Imagine we have an experiment in which **10 individuals** completed a task with **100 trials**. For each of the 1000 total trials, we measured two things, **V1** and **V2**, and our research aims at **investigating the link between these two variables**.

We will generate data using the `simulate_simpson()`

function from the `correlation`

package.

Now let’s visualize the two variables:

```
library(ggplot2)
ggplot(data, aes(x=V1, y=V2)) +
geom_point() +
geom_smooth(colour="black", method="lm", se=FALSE) +
theme_classic()
```

That seems pretty straightfoward! It seems like there is a **negative correlation** between V1 and V2. Let’s test this.

```
## Parameter1 | Parameter2 | r | 95% CI | t | df | p | Method | n_Obs
## ------------------------------------------------------------------------------------------
## V1 | V2 | -0.84 | [-0.86, -0.82] | -48.77 | 998 | < .001 | Pearson | 1000
```

Indeed, there is **strong, negative and significant correlation** between V1 and V2. Great, can we go ahead and **publish these results in PNAS**?

Hold on sunshine! Ever heard of something called the **Simpson’s Paradox**?

Let’s colour our datapoints by group (by individuals):

```
library(ggplot2)
ggplot(data, aes(x=V1, y=V2)) +
geom_point(aes(colour=Group)) +
geom_smooth(aes(colour=Group), method="lm", se=FALSE) +
geom_smooth(colour="black", method="lm", se=FALSE) +
theme_classic()
```

Mmh, interesting. It seems like, for each subject, the relationship is different.
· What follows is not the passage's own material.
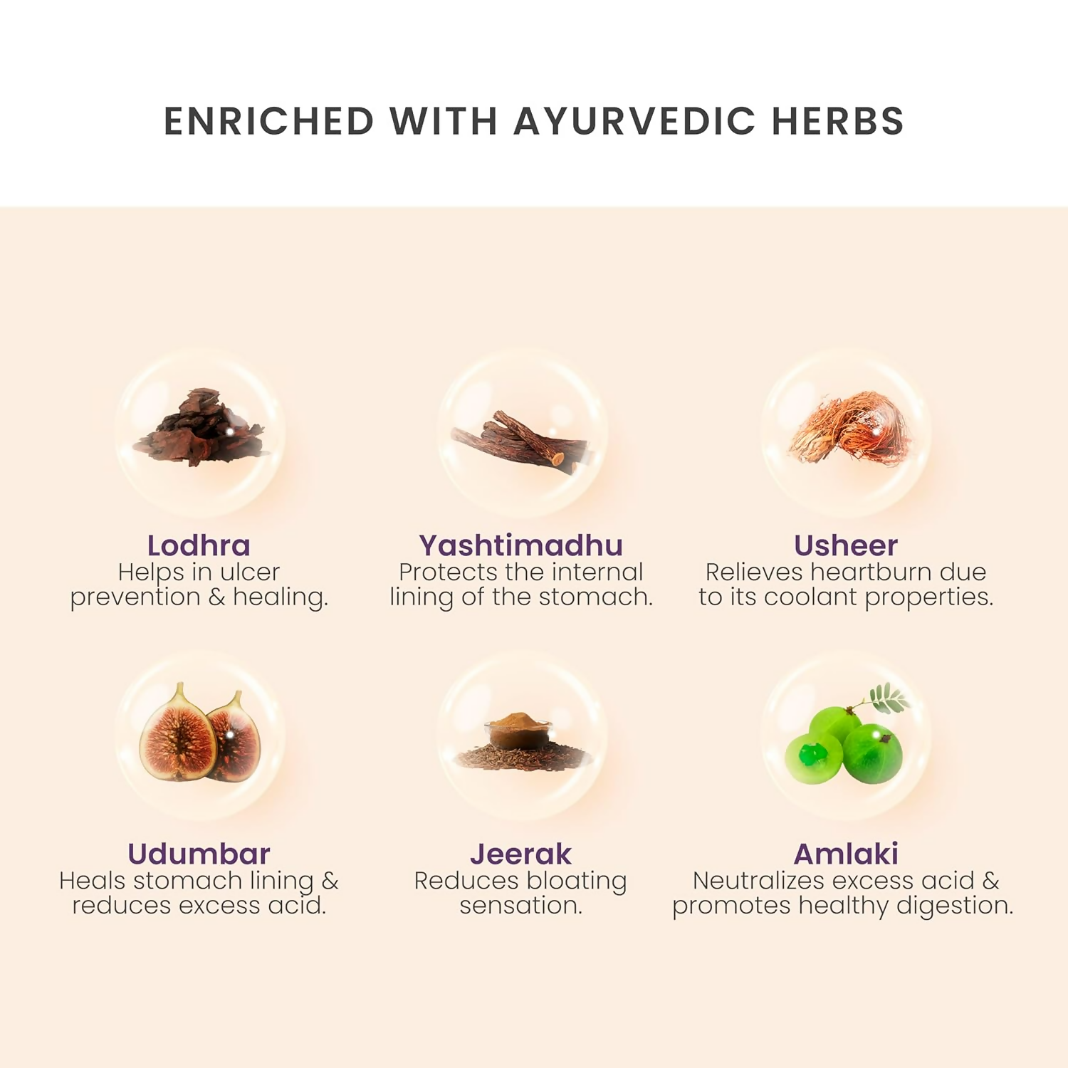 • FORMULATED WITH POWERFUL AYURVEDIC HERBS: Formulated with clinically tested & validated Ayurvedic herbs, these acidity relief tablets work naturally to ease discomfort without causing drowsiness, rebound acidity, or dependency. Yashtimadhu (Licorice) soothes and protects the stomach lining from acid damage, Jeerak (Cumin) eases bloating and aids smooth digestion, Lodhra promotes healing and neutralizes excess acid, and Usheer & Udumbar provide cooling relief for heartburn and gastric irritation. Together, they act synergistically to provide relief from acidity, restore natural digestive balance and support long-term gut health.

The negative general trend seems to be created by **differences between the groups** and could be spurious!

**Multilevel (as in multi-group) correlations allow us to account for differences between groups**. It is based on a partialization of the group, entered as a random effect in a mixed linear regression.

You can compute them with the **correlations** package by setting the `multilevel`

arguent to `TRUE`

.

```
## Parameter1 | Parameter2 | r | CI | t | df | p | Method | n_Obs
## --------------------------------------------------------------------------------------
## V1 | V2 | 0.50 | [0.45, 0.55] | 18.23 | 998 | < .001 | Pearson | 1000
```

**Dayum!** We were too hasty in our conclusions! Taking the group into account seems to be super important.

Note: In this simple case where only two variables are of interest, it would be of course best to directly proceed using a mixed regression model instead of correlations. That being said, the latter can be useful for exploratory analysis, when multiple variables are of interest, or in combination with a network or structural approach.